Dataset content
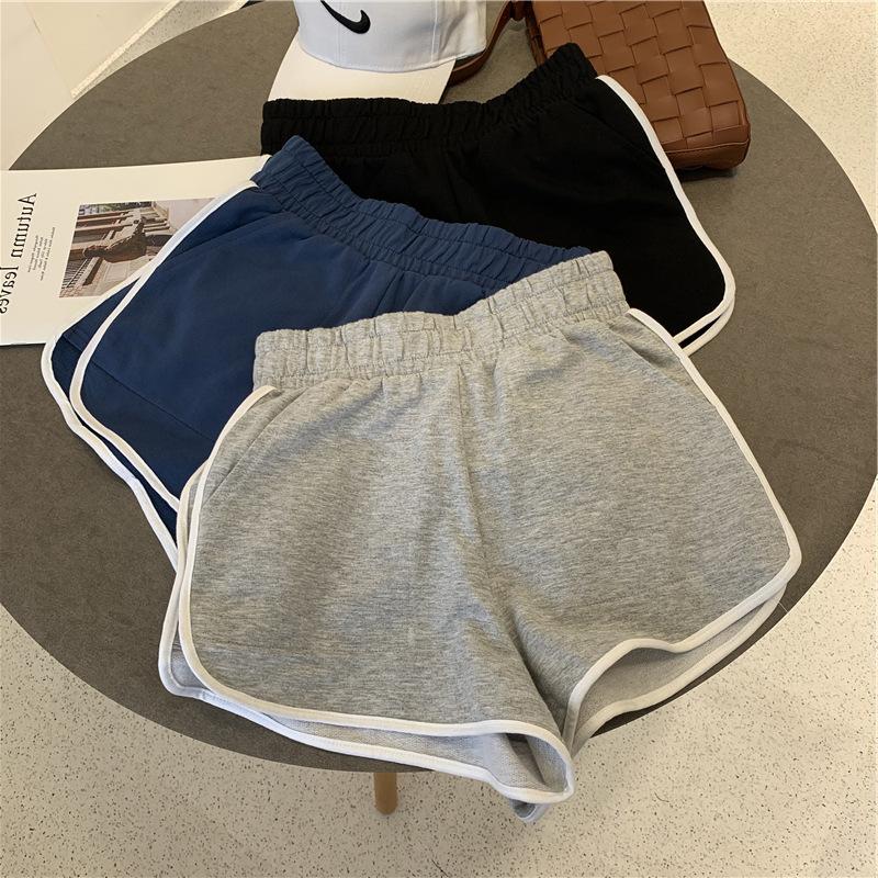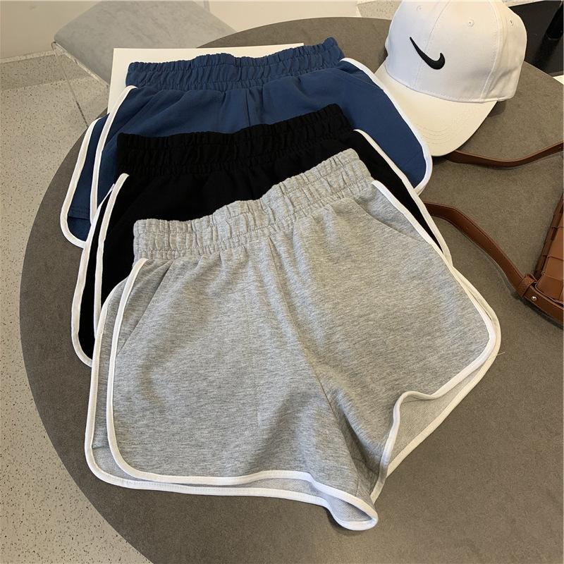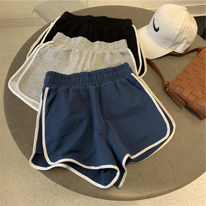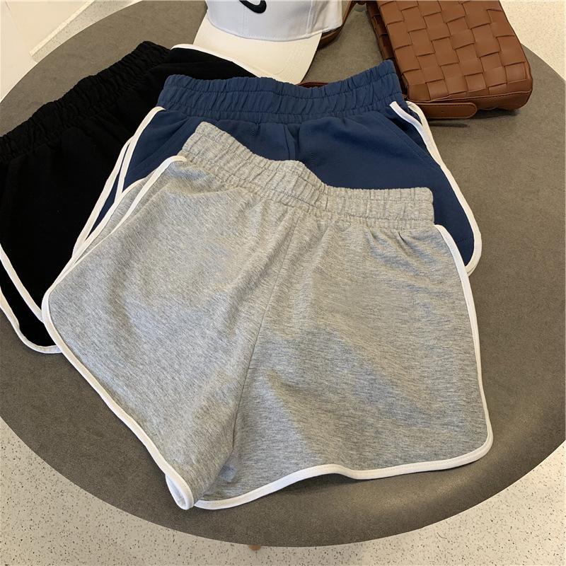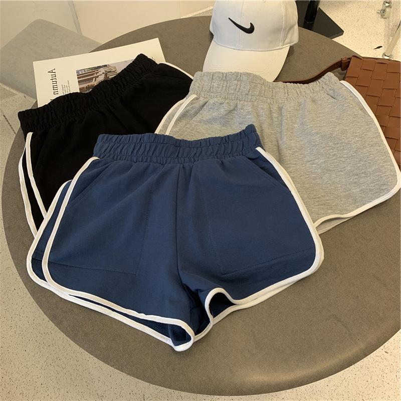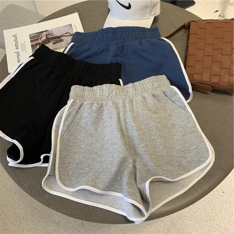 Pantalones cortos deportivos clásicos con rayas laterales para mujer, con borde blanco, ajustados, holgados, para correr en casa, informales, combinables para verano
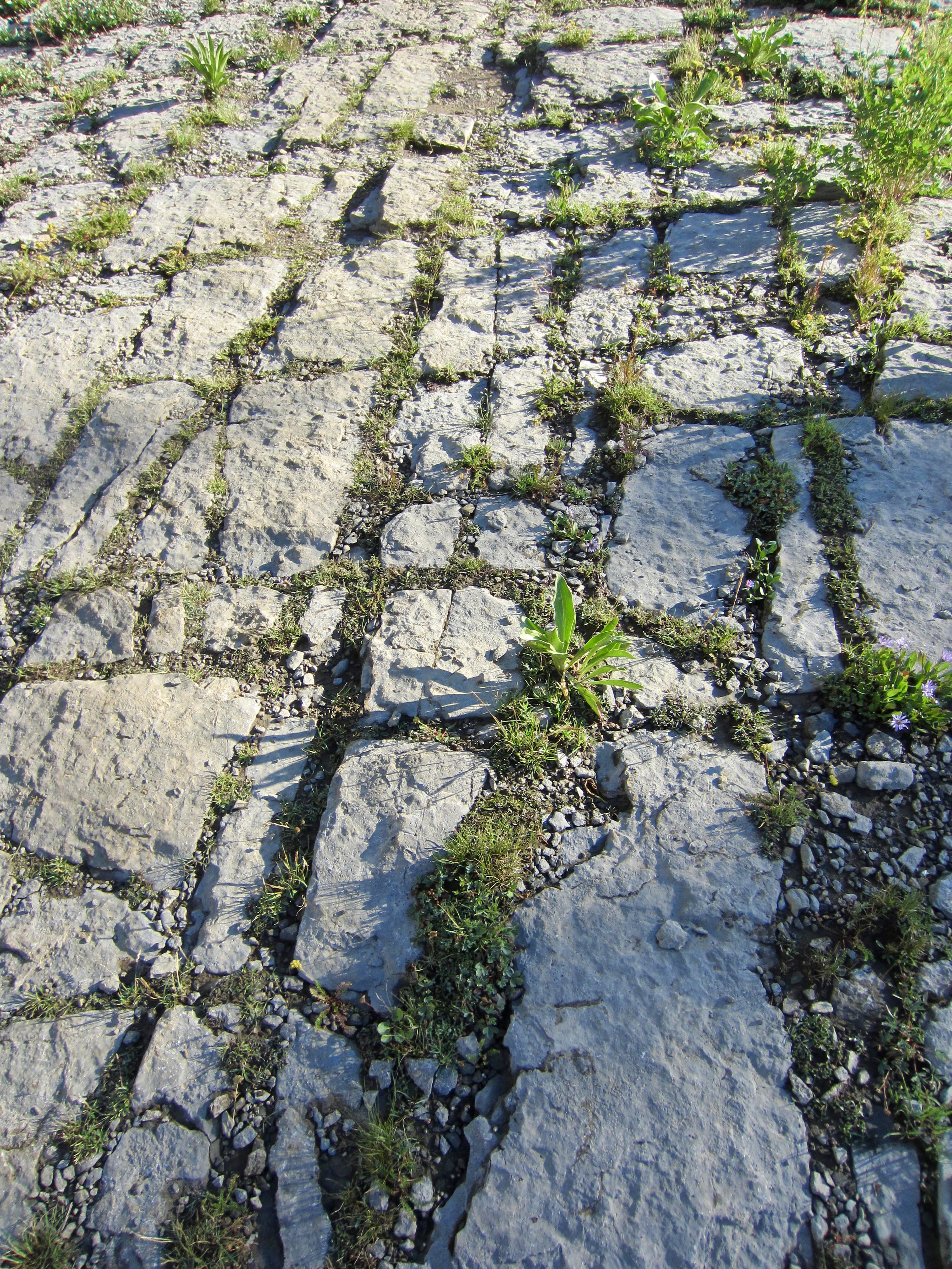 The shelf consists of an erosion-resistant limestone layer that projects outward 100 to 200 yards from a weaker cliff. In places, the tessellated limestone surface is exposed on the ground, giving the appearance of carefully placed stone pavers.
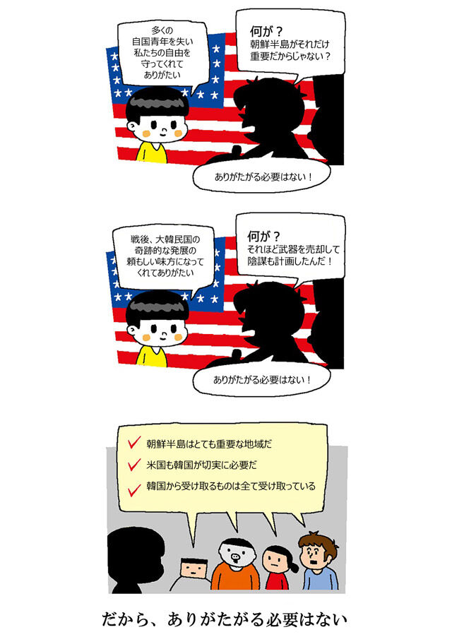 韓国に対する米国の好意は「米国の利益のため」だったかもしれないが、まずは「素直に感謝しよう」とのことだろう。
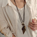 Wholesale Retro Bohemian Ethnic Style Leaf Long Cut Out Geometric Clavicle Chain Zen Style Versatile Personalized Sweater Chain
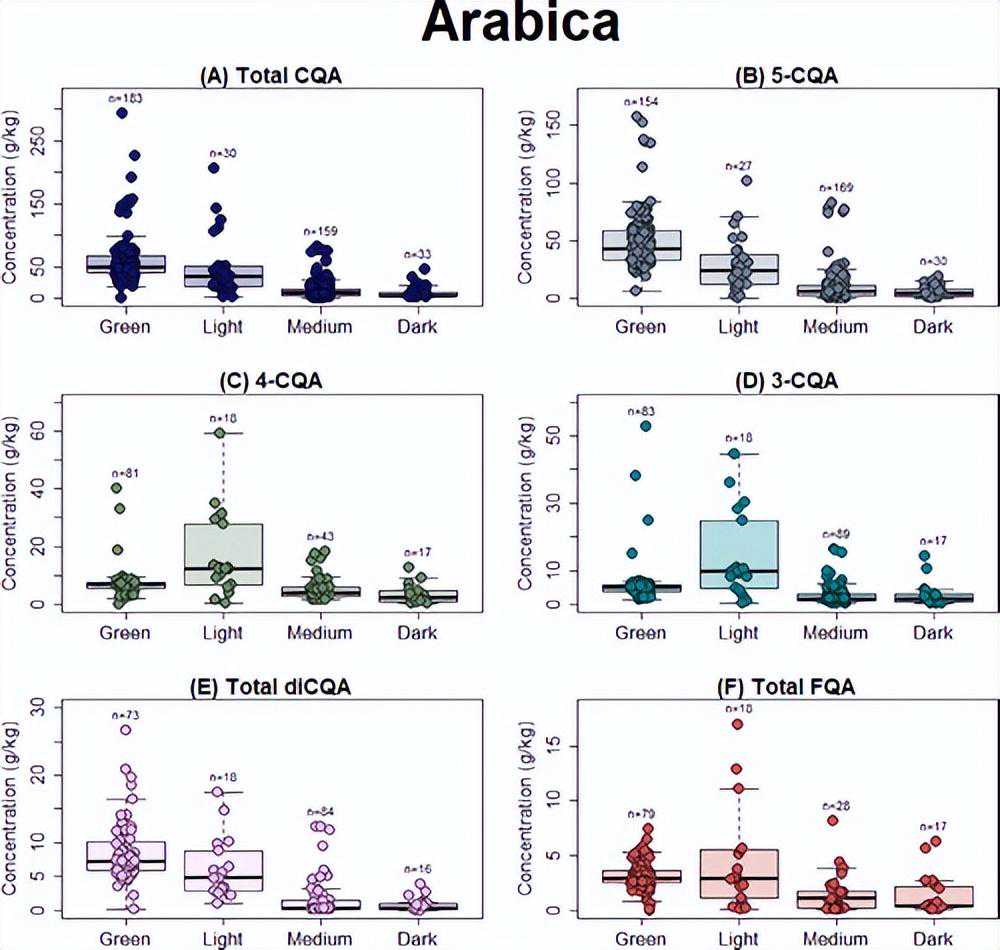 同样,由于烘焙水平是定性的,我们还直接比较了两种咖啡(图7)。绿色阿拉比卡咖啡和绿色罗布斯塔咖啡,以及烘焙阿拉比卡咖啡和烘焙罗布斯塔咖啡,具有相似水平的三种CQA异构体,以及随后的CQA总量(图7A-D)。如上所述,深色烘焙咖啡的所有CGA水平低于生咖啡,但生咖啡和烘焙咖啡之间的差异不太明显,因为所有烘焙水平都组合在一起。除了总FQA和总diCQA之外,咖啡烘焙水平对CGA浓度的影响大于咖啡类型。奇怪的是,在绿色和烤阿拉比卡咖啡和罗布斯塔咖啡中,4-CQA的量是相同的(图7C).绿色罗布斯塔的总FQA和总diCQA水平最高,随着烘烤而降低(图7E-F)。
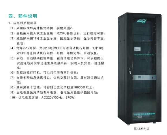 2、應急照明控制器結構采用柜式結構,可攜帶4路分機,每路分機數量最大為16臺。
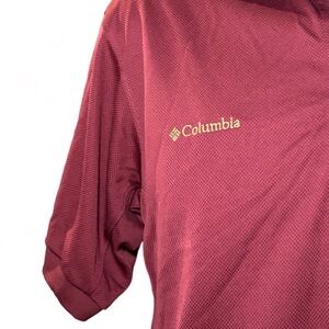 Stylish maroon shirt with embroidered logo. Short sleeves. Comfortable fit.
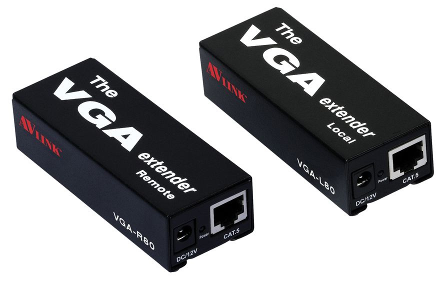 Extend the distance between the PC and the display by 80 metres. The local unit receives the video signal from the PC and sends the signal to the remote unit(s) through a length of Cat5e cable. The remote unit connects to the display monitor. The power supply can be connected to either local or remote unit.
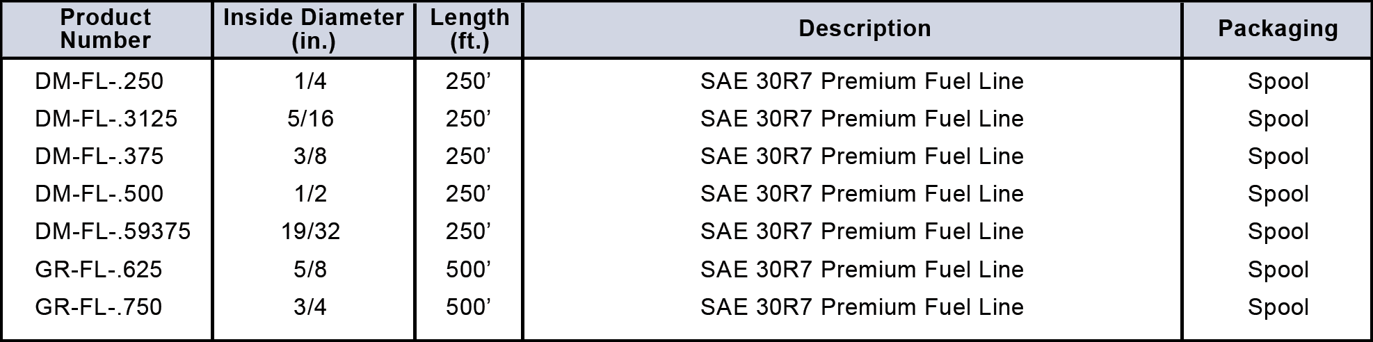 Designed to carry most modern fuels in cars, trucks, buses, etc. Handles temperature ranges of -40 to +257 Degrees F. Withstands oil, grease, abrasion and ozone. An excellent product for all diesel based fuels. Meets or exceeds the burst requirements of the SAE30R7 specification.

What you are asked to do
Skip the pictures; extract only the lines from the line with "2、應急照明控制器結構采用柜式結構,可攜帶4路分機,每路分機數量最大為16臺。" through the final line of the material, exactly as they appear.

Exercise result
 2、應急照明控制器結構采用柜式結構,可攜帶4路分機,每路分機數量最大為16臺。
 Stylish maroon shirt with embroidered logo. Short sleeves. Comfortable fit.
 Extend the distance between the PC and the display by 80 metres. The local unit receives the video signal from the PC and sends the signal to the remote unit(s) through a length of Cat5e cable. The remote unit connects to the display monitor. The power supply can be connected to either local or remote unit.
 Designed to carry most modern fuels in cars, trucks, buses, etc. Handles temperature ranges of -40 to +257 Degrees F. Withstands oil, grease, abrasion and ozone. An excellent product for all diesel based fuels. Meets or exceeds the burst requirements of the SAE30R7 specification.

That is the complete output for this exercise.